Rock cogió una losa de media tonelada con una mano, la sopesó con gesto pensativo, y luego golpeó al otro troll con tanta fuerza que la rompió.

—Te lo advertí —dijo a la figura inerte—. Los trolls como tú son los que nos dan mala fama. ¿Cómo vamos a ocupar el lugar que nos corresponde por derecho en la hermandad de especies sapientes con trolls defectuosos que no hacen más que darnos reputación de salvajes?

Metió los brazos por el agujero y sacó a Víctor de un poderoso tirón.

—Gracias, Rock. Eh… Ginger también está ahí abajo. Rock le dio un codazo de complicidad que le hizo un cardenal entre las costillas.

—Ya veo, ya veo —dijo—. Y lleva una negligente de seda muy bonita, por cierto. Así que los tortolitos buscaban un lugar discreto para arrullarse, y poco más y el Disco se les cae encima, ¿eh?

Los demás trolls sonrieron.

—Bueno, sí… —empezó Víctor.

—¡Eso es mentira! —gritó Ginger mientras la ayudaban a salir del agujero—. ¡No estábamos…!

—¡Sí estábamos! —la interrumpió Víctor, haciendo gestos frenéticos con las manos y con las cejas—. ¡Estábamos mucho! ¡Tienes toda la razón, Rock!

—Sí —corroboró uno de los trolls que había tras el aludido—. Los he visto en las películas. Él no deja de besarla y de alejarse con ella.

—Oye, tú… —empezó Ginger.

—Ahora tenemos que largarnos a toda velocidad —la interrumpió Rock—. El techo de la cueva me parece un tanto defectuoso. Puede derrumbarse en cualquier momento.

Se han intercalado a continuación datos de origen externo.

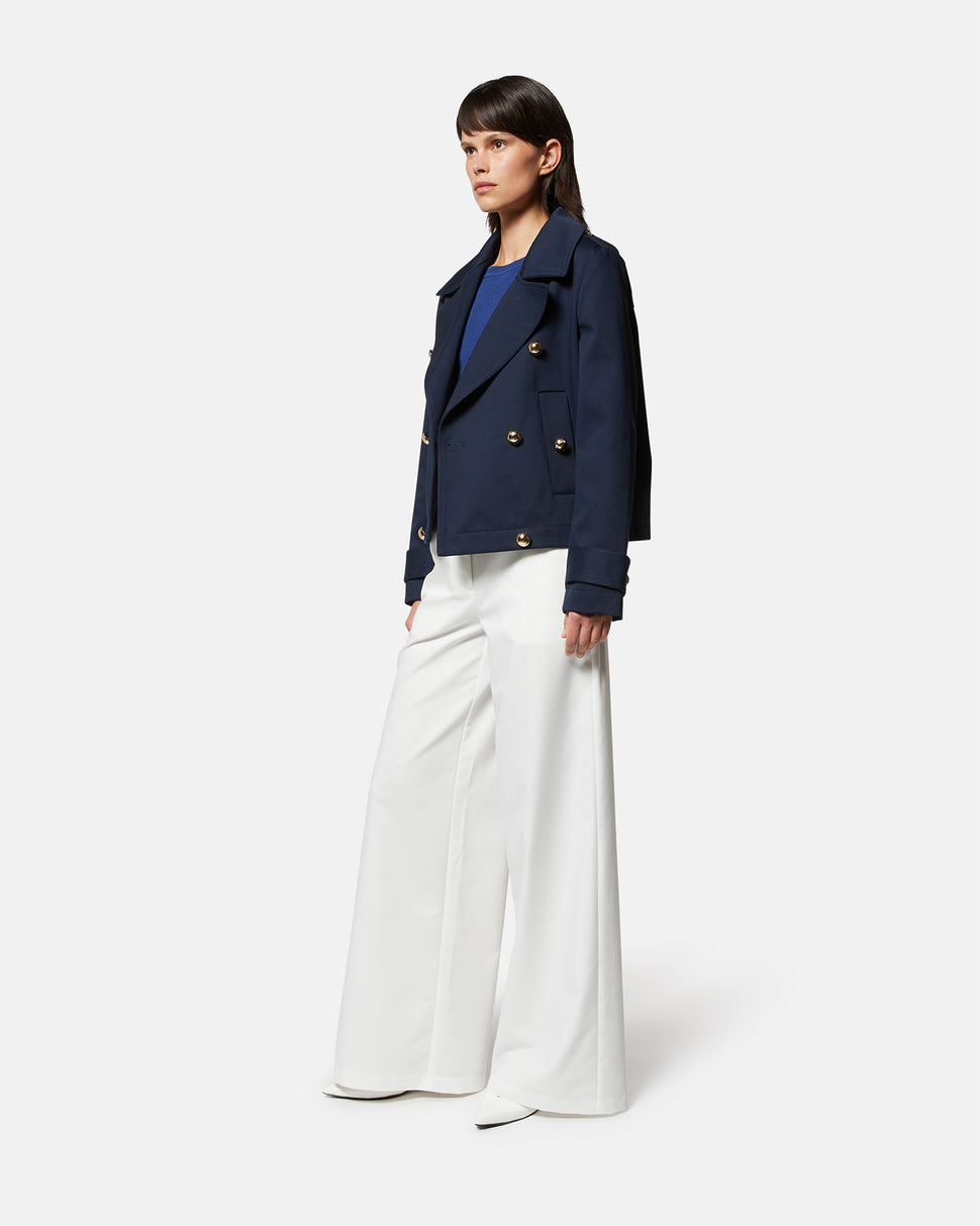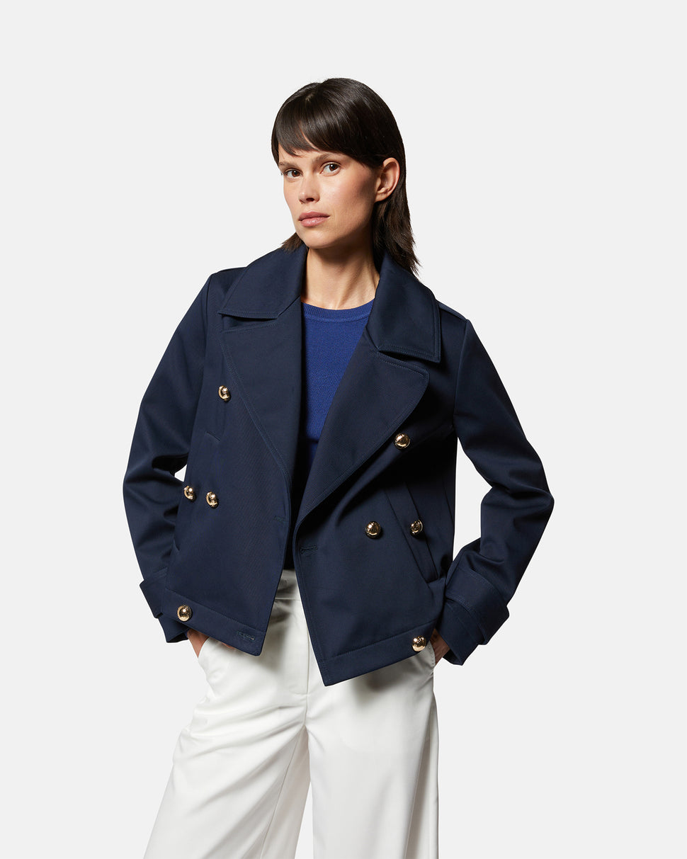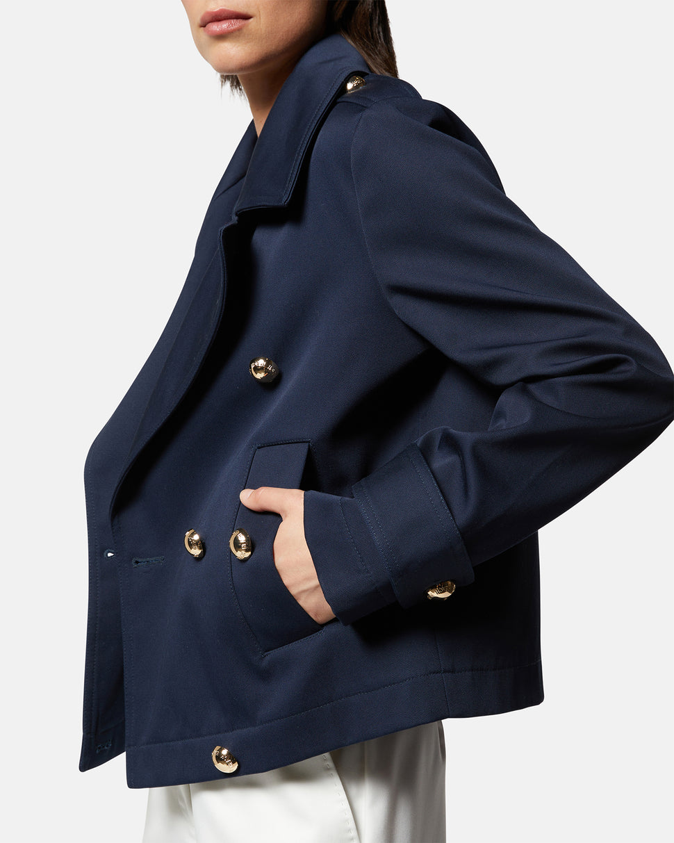 Un classico senza tempo che unisce eleganza e versatilità. La silhouette strutturata e il design doppiopetto con bottoni dorati donano un tocco raffinato, perfetto per completare look sofisticati e casual-chic.

Víctor alzó la vista. La arenilla caía ominosamente.

—Tienes razón —asintió.

Cogió a la refunfuñante Ginger por un brazo, y tiró de ella a lo largo del pasadizo. Los trolls recogieron al compatriota caído que no sabía comportarse educadamente en sociedad, y echaron a andar tras ellos.

—Ha sido repugnante, no tenías derecho a hacer que pensaran… —siseó Ginger.

—¡Cállate! —le ordenó Víctor—. ¿Se puede saber qué querías que dijera, eh? A ver, ¿qué explicación te habría parecido adecuada? ¿Qué quieres que sepa la gente?